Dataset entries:
<<<<

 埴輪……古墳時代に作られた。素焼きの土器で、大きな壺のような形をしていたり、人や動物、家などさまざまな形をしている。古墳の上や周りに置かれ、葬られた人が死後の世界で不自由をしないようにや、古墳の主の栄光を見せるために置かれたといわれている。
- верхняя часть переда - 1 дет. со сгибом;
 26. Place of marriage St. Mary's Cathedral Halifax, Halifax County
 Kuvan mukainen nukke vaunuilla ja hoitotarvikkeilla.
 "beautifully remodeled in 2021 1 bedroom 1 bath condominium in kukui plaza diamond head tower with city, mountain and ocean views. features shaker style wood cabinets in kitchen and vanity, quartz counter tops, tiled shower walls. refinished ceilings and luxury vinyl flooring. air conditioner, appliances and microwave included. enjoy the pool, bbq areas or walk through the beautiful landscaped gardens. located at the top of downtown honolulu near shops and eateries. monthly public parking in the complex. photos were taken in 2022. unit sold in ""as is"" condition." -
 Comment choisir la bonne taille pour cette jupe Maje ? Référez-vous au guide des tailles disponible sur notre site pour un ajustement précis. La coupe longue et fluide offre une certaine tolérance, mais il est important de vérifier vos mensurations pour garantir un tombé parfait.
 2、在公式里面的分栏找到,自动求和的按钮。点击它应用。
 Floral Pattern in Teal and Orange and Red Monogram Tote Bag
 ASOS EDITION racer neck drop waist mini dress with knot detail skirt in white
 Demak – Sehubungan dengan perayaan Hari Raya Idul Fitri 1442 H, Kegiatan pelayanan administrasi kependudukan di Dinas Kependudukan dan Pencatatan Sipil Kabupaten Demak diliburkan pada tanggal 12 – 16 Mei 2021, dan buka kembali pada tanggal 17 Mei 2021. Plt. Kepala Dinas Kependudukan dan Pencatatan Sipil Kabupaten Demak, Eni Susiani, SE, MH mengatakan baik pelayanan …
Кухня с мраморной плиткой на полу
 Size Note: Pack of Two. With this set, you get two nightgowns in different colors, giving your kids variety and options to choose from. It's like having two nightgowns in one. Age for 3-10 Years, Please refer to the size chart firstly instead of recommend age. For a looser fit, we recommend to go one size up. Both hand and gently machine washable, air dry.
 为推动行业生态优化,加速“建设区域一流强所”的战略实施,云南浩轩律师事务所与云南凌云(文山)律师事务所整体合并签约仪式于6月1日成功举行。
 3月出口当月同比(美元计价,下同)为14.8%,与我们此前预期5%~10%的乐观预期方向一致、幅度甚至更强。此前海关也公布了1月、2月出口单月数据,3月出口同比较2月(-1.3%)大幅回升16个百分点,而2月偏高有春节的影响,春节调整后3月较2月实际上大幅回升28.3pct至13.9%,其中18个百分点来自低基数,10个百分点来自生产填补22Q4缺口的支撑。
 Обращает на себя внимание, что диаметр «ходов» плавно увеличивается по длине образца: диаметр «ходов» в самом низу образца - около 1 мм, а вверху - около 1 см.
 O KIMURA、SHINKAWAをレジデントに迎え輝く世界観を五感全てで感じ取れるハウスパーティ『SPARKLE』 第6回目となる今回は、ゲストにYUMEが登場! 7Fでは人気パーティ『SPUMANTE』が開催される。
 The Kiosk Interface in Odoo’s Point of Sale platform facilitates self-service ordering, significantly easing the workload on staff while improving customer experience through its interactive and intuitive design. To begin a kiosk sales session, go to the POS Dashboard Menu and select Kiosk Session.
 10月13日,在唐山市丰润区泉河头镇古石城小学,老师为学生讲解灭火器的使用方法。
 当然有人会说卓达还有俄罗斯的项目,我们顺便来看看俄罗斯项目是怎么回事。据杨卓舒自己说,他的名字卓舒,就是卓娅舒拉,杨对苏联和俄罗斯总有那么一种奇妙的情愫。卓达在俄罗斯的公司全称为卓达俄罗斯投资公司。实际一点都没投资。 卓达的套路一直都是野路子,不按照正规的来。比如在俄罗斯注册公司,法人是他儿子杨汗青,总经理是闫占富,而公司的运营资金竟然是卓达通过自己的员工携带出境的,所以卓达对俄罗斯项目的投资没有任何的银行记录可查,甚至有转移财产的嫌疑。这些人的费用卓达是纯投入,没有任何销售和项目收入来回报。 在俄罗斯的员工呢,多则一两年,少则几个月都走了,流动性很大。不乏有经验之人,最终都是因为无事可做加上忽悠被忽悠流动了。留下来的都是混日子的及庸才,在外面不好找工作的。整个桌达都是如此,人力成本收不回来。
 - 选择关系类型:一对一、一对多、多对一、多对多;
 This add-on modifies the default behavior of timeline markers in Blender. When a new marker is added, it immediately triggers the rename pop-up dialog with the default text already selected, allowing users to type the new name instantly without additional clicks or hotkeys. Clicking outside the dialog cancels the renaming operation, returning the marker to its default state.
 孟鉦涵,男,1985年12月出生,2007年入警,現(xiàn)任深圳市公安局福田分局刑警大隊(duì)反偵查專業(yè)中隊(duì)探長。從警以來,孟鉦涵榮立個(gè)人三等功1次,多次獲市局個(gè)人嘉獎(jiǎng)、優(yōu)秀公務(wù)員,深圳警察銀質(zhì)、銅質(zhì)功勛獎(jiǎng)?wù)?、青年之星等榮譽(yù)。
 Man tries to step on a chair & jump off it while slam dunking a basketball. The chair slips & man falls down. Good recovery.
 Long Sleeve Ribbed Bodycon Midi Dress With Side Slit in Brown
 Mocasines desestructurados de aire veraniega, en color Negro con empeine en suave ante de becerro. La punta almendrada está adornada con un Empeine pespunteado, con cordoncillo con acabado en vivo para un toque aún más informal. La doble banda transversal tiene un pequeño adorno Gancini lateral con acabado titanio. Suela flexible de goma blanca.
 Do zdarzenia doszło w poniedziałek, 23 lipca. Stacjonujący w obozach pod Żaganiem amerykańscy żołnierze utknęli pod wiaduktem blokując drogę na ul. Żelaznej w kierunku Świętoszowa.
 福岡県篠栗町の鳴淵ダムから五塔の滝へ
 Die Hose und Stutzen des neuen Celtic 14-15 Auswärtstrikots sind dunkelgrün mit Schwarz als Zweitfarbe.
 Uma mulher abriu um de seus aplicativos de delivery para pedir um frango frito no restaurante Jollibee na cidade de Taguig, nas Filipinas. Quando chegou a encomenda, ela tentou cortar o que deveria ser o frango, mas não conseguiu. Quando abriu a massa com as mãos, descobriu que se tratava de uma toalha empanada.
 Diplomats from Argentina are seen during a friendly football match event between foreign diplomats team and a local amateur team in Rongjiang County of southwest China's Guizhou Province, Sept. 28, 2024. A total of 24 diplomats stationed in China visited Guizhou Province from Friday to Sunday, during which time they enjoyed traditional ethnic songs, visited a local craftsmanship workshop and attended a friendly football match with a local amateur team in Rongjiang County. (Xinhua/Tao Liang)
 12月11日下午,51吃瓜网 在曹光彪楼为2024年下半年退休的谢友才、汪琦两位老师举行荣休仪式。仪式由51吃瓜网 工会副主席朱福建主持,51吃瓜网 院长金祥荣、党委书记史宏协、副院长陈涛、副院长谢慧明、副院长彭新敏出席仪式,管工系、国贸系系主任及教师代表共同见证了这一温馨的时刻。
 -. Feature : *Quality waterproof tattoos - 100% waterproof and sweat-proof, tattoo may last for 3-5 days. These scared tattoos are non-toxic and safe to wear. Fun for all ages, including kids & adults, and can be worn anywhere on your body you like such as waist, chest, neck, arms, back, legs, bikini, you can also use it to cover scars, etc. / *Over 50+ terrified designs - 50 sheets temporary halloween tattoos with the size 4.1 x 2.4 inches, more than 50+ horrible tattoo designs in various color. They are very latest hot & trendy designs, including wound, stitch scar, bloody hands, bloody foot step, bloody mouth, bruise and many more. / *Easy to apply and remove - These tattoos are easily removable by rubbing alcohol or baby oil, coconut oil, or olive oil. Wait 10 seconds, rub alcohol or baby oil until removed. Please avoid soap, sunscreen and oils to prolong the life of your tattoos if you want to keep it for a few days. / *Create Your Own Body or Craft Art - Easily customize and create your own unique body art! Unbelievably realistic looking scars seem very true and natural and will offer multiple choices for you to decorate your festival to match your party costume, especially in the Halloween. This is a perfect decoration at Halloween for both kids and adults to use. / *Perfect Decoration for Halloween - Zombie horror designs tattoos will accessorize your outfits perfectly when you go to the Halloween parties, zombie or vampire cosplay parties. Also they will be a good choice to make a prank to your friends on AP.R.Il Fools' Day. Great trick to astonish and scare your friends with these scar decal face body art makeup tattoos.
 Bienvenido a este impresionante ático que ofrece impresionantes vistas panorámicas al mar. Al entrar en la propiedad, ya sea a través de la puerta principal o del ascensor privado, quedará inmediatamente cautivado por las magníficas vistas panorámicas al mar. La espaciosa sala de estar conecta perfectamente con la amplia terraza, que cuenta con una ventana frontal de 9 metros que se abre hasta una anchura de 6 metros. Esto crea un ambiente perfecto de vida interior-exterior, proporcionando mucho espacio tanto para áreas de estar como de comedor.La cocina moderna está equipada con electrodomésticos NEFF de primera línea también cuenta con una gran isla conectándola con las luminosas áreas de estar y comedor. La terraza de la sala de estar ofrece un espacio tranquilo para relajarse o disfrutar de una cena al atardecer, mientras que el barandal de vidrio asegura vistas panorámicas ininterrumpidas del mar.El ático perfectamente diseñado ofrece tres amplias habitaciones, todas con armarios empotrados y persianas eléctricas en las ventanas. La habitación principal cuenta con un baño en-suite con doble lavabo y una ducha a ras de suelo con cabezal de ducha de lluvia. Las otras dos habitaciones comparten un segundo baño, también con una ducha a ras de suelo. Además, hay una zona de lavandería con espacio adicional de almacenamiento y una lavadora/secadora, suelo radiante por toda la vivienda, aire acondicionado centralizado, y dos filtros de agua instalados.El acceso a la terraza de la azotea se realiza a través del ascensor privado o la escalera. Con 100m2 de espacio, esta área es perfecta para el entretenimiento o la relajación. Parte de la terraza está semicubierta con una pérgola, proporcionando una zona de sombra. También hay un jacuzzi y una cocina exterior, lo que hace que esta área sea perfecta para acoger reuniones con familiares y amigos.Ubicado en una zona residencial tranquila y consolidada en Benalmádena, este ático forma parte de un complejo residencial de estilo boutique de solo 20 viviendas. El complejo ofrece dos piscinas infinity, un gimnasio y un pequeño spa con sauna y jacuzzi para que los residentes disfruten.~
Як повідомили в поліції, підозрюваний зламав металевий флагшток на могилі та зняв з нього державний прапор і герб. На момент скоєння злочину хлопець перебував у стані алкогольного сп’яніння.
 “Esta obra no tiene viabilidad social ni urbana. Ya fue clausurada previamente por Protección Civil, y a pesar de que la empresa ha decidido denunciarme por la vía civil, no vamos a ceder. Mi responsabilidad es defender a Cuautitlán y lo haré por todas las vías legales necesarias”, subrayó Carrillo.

>>>>

--- Your objective ---
Within the data, how many lines hold the word "tiene"? State only that number.

--- Answer to the exercise ---
2